The report finds that these negative trends in nature will continue to 2050 and beyond in all of the policy scenarios explored in the report, except those that include transformative change. Increasing land-use change, exploitation of organisms and climate change will continue the negative process, although with significant differences between regions.
Not enough progress
The UN Report acknowledges that there has been progress to conserve nature and implement policies. Though it also finds that the global goals for conserving and sustainably using nature and achieving sustainability cannot be met by current trajectories. The goals for 2030 and beyond may only be achieved through the transformative changes. It highlights that good progress has been met on only four of the 20 Aichi Biodiversity Targets (this relates to the Convention on Biological Diversity signed in Rio in 1992), and it is becoming more likely that most will be missed by the 2020 deadline.
When it comes to the Sustainable Development Goals (SDG), the current negative trends in biodiversity and ecosystems will undermine progress towards meeting 80% of them, which translates to 35 out of 44. Based on that, the authors determine that the loss of biodiversity becomes not only an environmental issue but also a developmental, economic, security, social and moral issue.

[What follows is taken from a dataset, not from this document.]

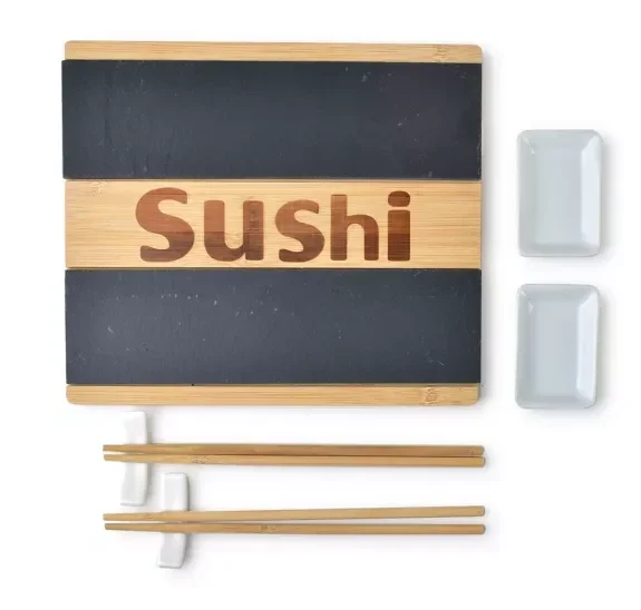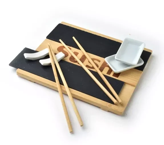 Produit vendu en coffret : 2 jeux de baguettes, 2 bols, planche en bois, planche en ardoise, 2 repose-baguettes.

The authors put forward a wide range of illustrative actions for sustainability, and pathways for achieving them across and between sectors such as agriculture, forestry, marine systems, freshwater systems, urban areas, energy, finance and many others.
It highlights the importance of, among others, adopting integrated management and cross-sectoral approaches that take into account the trade-offs of food and energy production, infrastructure, freshwater and coastal management, and biodiversity conservation.